The British toddler killed by the a boat that ran out of control onto the beach. We at Bahamas Press continue to see this same reckless sport even after the death of the Paul Jr.
Nassau, The Bahamas – The Gallaghers who lost their child in a freak accident in the country, have finally discovered what Bahamians have been saying about the process of justice all along.
Two weeks ago the Sunday newspaper [The Bugle] reported that Magistrate courts stopped sitting in the family islands all because of insufficient funds. Thus, the wheel of justice grind to a halt. Delaying cases for a full year leaving lawyers frustrated and real justice unserved to members of the public to which it is to protect.

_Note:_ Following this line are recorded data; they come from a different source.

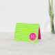 This preppy note card features classic green and white stripes with a bright pink and white monogram on the front and matching solid pink on the inside. Personalize the monogram on the front with your choice of initial.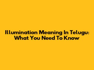 Illumination Meaning In Telugu: What You Need To Know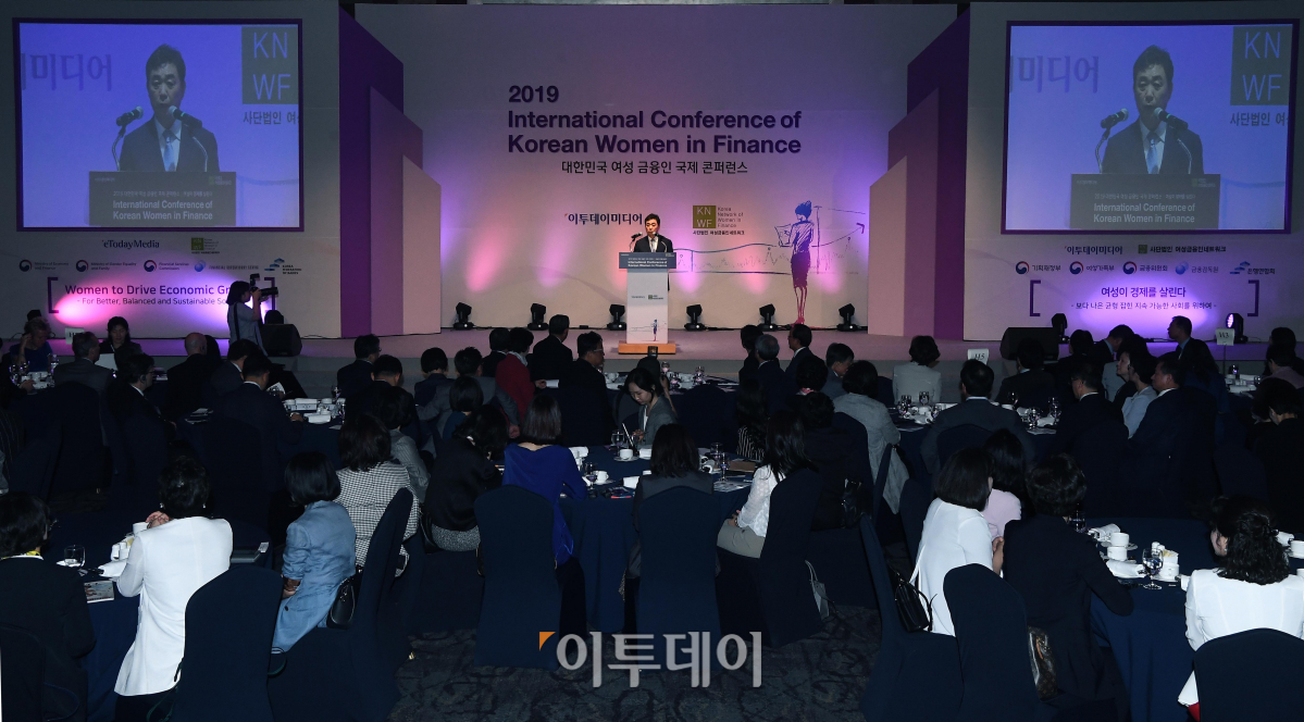 2019 대한민국 여성 금융인 국제 콘퍼런스가 27일 서울 중구 소공동 롯데호텔에서 열렸다. 이투데이 미디어와 여성금융인네트워크가 공동 개최한 이번 행사는 '여성이 경제를 살린다'를 주제로 '보다 나은 균형 잡힌 지속 가능한 사회를 위하여'라는 슬로건을 통해 여성의 경제활동 참여활성화 방안을 모색한다. 김상철 이투데이미디어 대표이사가 개회사를 하고 있다.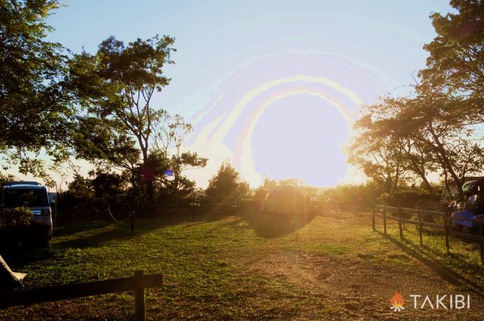 キャンプ場の名前の通り、印旛沼サンセットヒルズはちょうど印旛沼の方角に夕日が沈みます。沼に映る光がとても幻想的。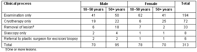 There was an average of 1.1 consultations per person (343 consultations in total), with a procedure performed in approximately one-third of consultations. Details of clinical processes are listed (Table 2). The demographic most likely to have a lesion removed were over 50 year-old males (p<0.0001).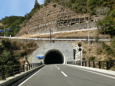 | 現道との交差点を過ぎてすぐに三津野高架橋を通る。全長1km程の橋で、高架橋という名称が示す通り河川だけでなく田畑や農道も越えている。大きく右にカーブした後に左にカーブして現道の連絡道との田長交差点を通過する。田長交差点からのカーブを曲がっていると田長トンネルに入る。トンネルを出ると現道との交差点を通過する。三津野高架橋と田長トンネルは歩行者・軽車両・自転車の通行が禁止されており、そのため日足バイパス開通後も現道が国道の指定を受け続けているものと思われる。 | ||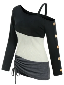 Style: Fashion Material: Cotton,Polyester Collar: Off The Shoulder Shirt Length: Regular Sleeve Length: Full Pattern Type: Solid Color Embellishment: Lace up Season: Fall,Spring Weight: 0.2430kg Package Contents: 1 x T-shirt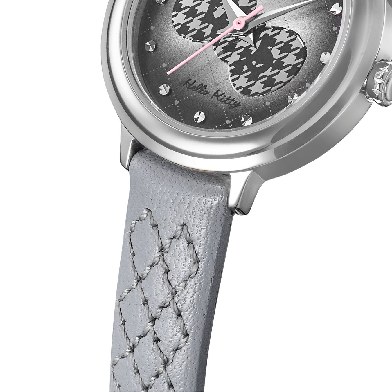 文字盤の中央に大人かわいい千鳥格子柄のリボンを配置。インデックスにはクリスタルを施し、秒針にはベビーピンクカラーを採用しました。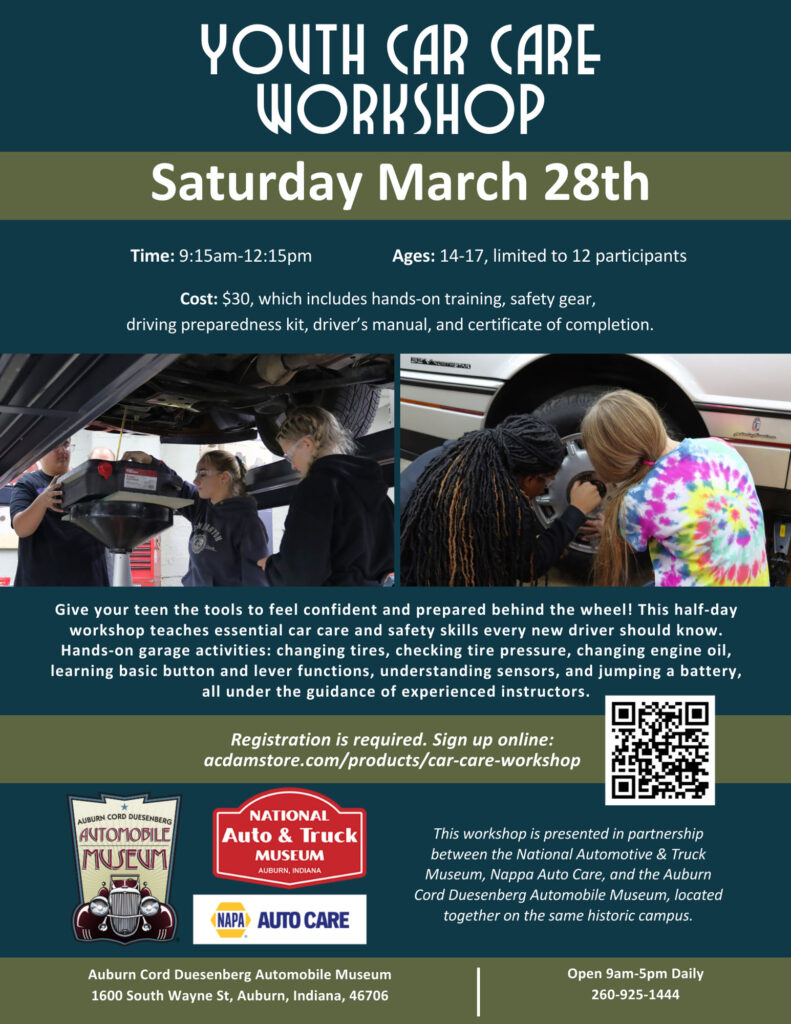 Join us for an empowering workshop hosted in collaboration with the National Automotive & Truck Museum and the Auburn Cord Duesenberg Automobile Museum, both on the same historic campus! Equip your teen with the confidence and skills essential for safe driving. This engaging half-day workshop covers vital car care and safety techniques every novice driver should master. Participants will take part in hands-on garage activities, including changing tires, checking tire pressure, changing engine oil, navigating basic buttons and levers, understanding sensors, and learning how to jump a battery—all guided by experienced instructors.

Bahamas Press would admit that The Bahamas must be the most ‘lawless society in the world!’ Where kids are killed by unlicensed boat drivers high on drugs. Where taxi drivers are all over raping under aged teens and told to come back to the station another day. Where teachers are raping young children in the classroom and if someone is caught and brought before the courts, with many days of delay, yes even a preacher would walk free.
Added to this, the question, “Is murder still a crime anymore” is ask over and over and over, but still police nor the courts are able to give a definitive answer, not even on the murder count.

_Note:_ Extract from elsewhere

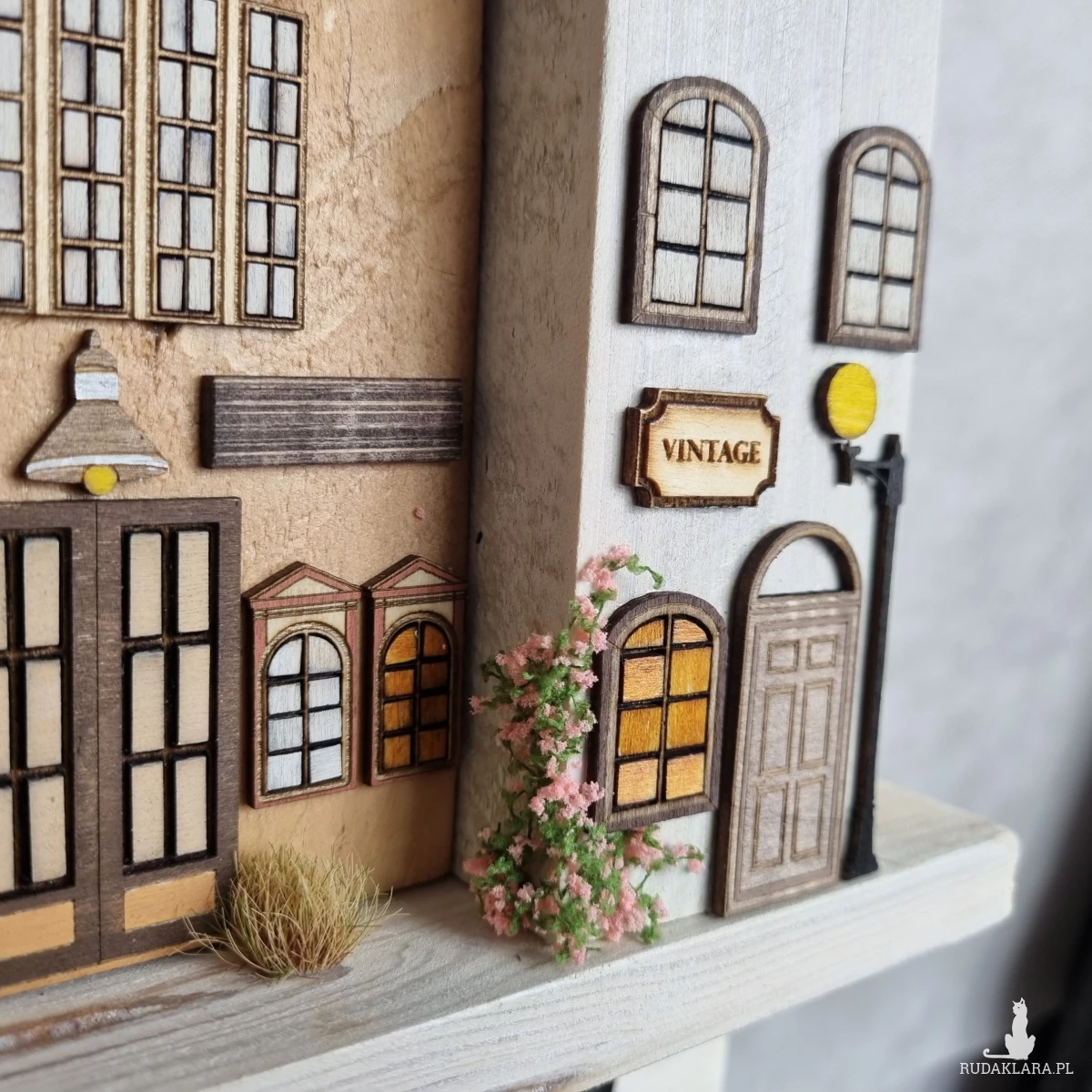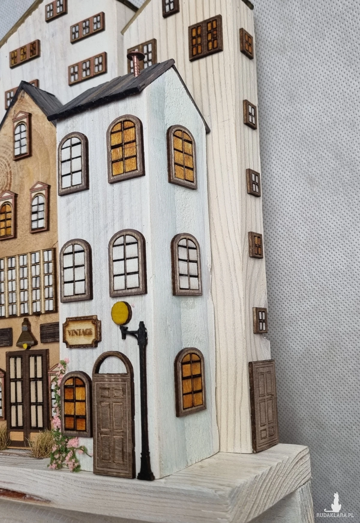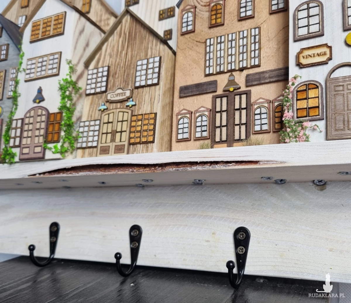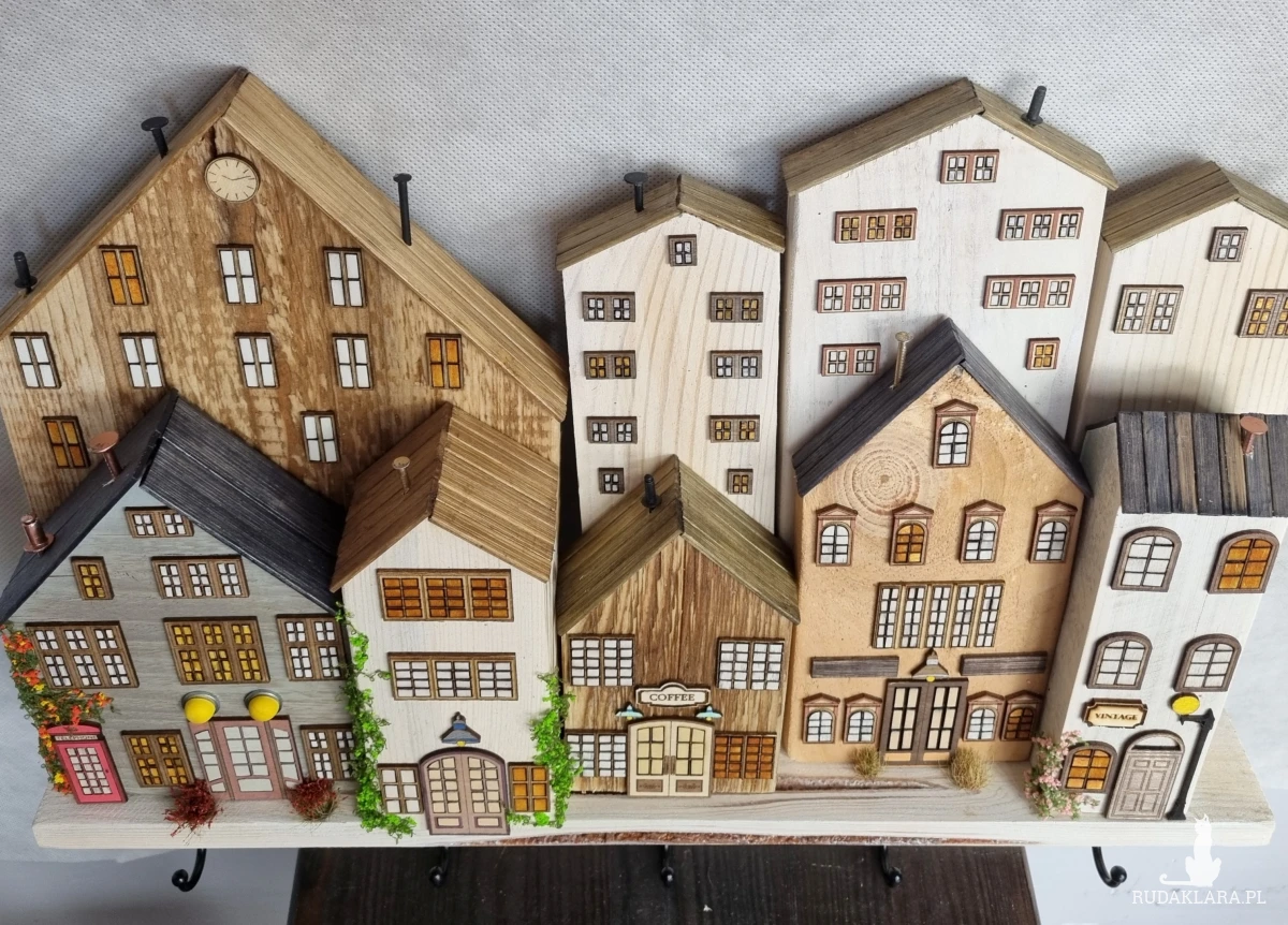 Drewniane domki handmade, mogące służyć jako wieszak na klucze (3), ręczniki inne drobiazgi. Domki wykonane desek ze starych palet z odzysku. Drewno bejcowane, woskowane, malowane w różnych odcieniach - ładnie podkreślające starość drewna - malowane bezbarwną farbą akrylową. Drewniane, wycinane okna i drzwi, również inne detale. Długość 43 cm, wysokość 33 cm, grubość 6,5 cm . Całość do zawieszenia na ścianie na 2 hakach. (23)

We are sadden by this most unfortunate incident that took place in the country, but has anything changed since then? Or has it made a turn for the worse? We believe the latter has occurred, and at a point of no return.
“The way the whole investigation was carried out by the Bahamian police has been a catalogue of disasters,” Paul Gallagher the father of the toddler said to British press.
“We have no doubt that a manslaughter charge would be appropriate. We will not stop until the boat driver and the boat owner are put in jail.” The father concluded.
Two British Metropolitan Police officers flew to the Bahamas last summer to review the case with local police.
Their report reveals that after the crash, Bain [The operator of the vessel] provided blood and urine samples. The Gallaghers were told these were never tested at the time.
When the samples were tested by the British team, they showed that Bain’s blood contained 5.1 nanograms of carboxy-tetrahydrocannabinol (THC), an active ingredient in marijuana plants.
The Bahamian police claim that while this indicated Bain had been using cannabis, it did not mean his ability to drive or control the boat was impaired.
However, the new report warns that the samples may have deteriorated since 2002 because of the way they were stored and the readings may have been higher at the time they were taken.
The British officers also revealed Bain was operating without a proper license or insurance and said the original investigation was ‘flawed’.
They then urged the Bahamian police to reopen the case to determine the ‘criminal culpability of the boat owners and operators’.
“When someone is killed abroad in unusual circumstances and their body is brought back into English jurisdiction a Coroner must hold an Inquest. The circumstances of Paul’s death are still surrounded in mystery. The Inquest will return a verdict on his cause of death.” The family’s solicitor Warren Collins of Alexander Harris said.